**WORK TO COMPLETE:**
What is needed is an exact copy of the lines from the line holding "接入全厂设备管理系统、工单系" through the end of the material, with no other lines and no pictures.

**DATASET EXTRACT:**
════════
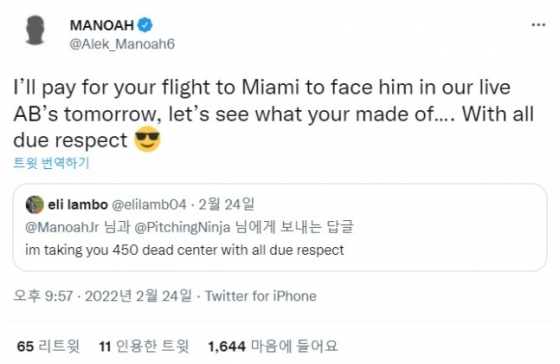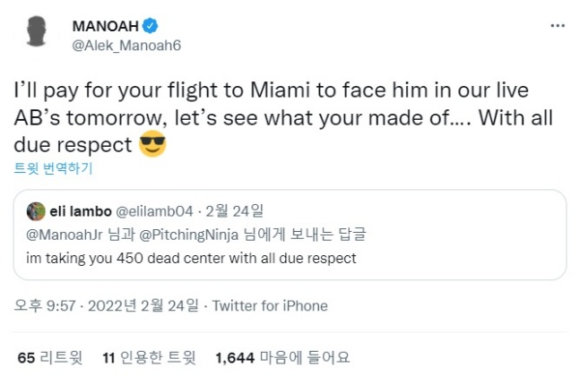 마노아는 지난 25일(한국시간) SNS상에서 한 야구팬에게 "마이애미로 오는 비행기 티켓은 내가 끊어줄 테니 내일 있을 라이브피칭에서 (우리 형이랑) 한 판 떠봐. 당신이 어떨지 한 번 보고 싶다"라고 도발했다.
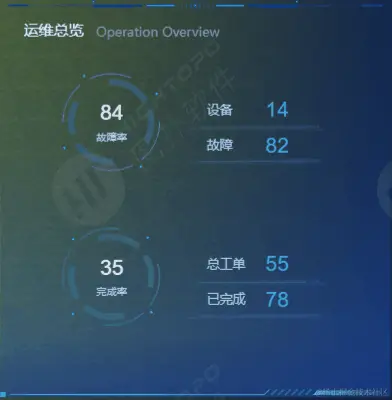 接入全厂设备管理系统、工单系统的汇总数据,实时展示在线设备数、故障设备数、总工单数、已完成工单数。
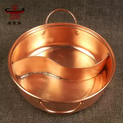 Pure copper binaural household hotel special copper hot pot Mandarin duck hot pot induction cooker hot pot thickened soup pot
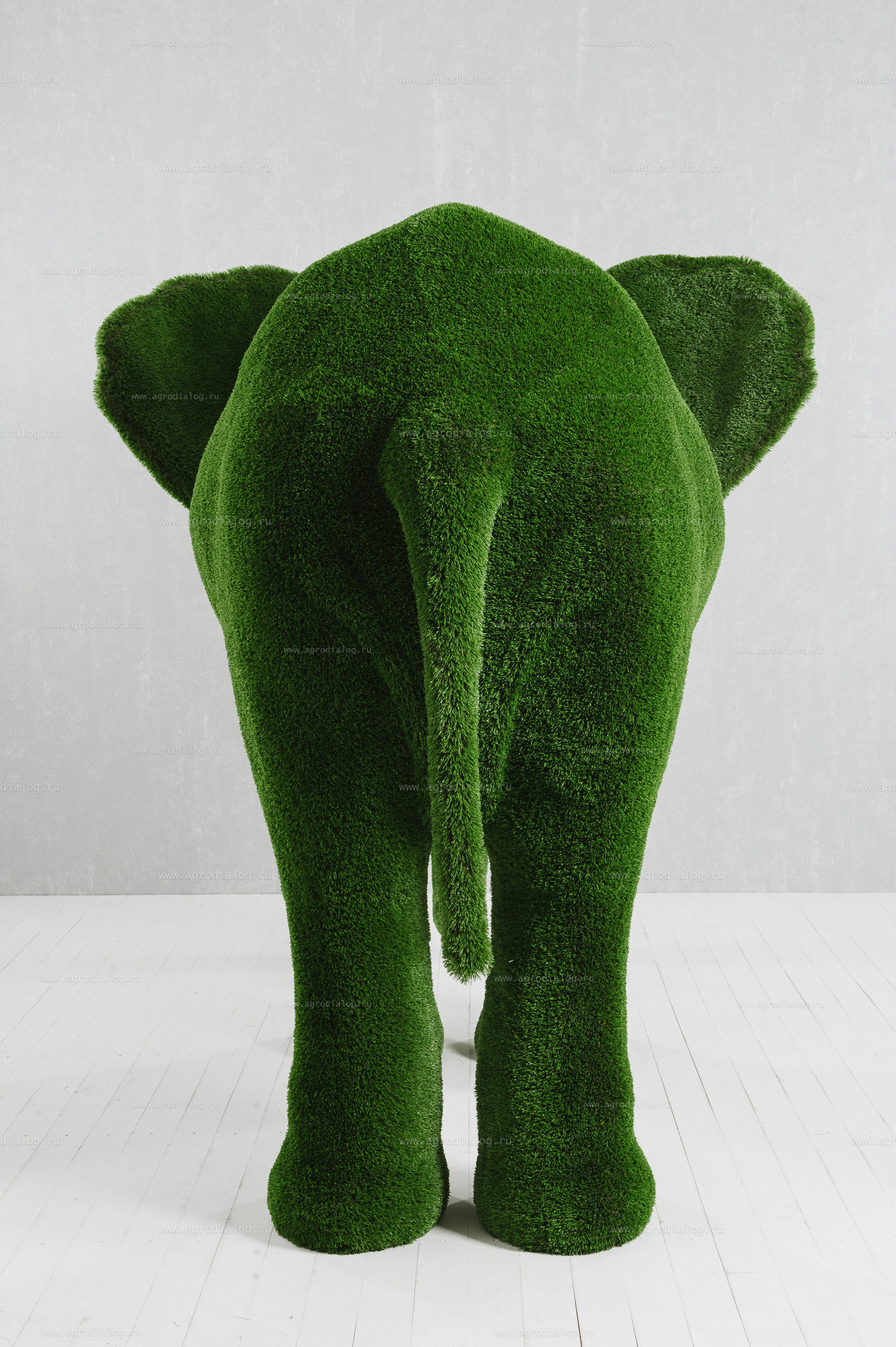 - Садовая фигура из искусственной травы большой слон станет прекрасным украшением в течение всего года, так как ей не страшны осадки и сезонные перемены погоды.
════════
**COMPLETED TASK:**
 接入全厂设备管理系统、工单系统的汇总数据,实时展示在线设备数、故障设备数、总工单数、已完成工单数。
 Pure copper binaural household hotel special copper hot pot Mandarin duck hot pot induction cooker hot pot thickened soup pot
 - Садовая фигура из искусственной травы большой слон станет прекрасным украшением в течение всего года, так как ей не страшны осадки и сезонные перемены погоды.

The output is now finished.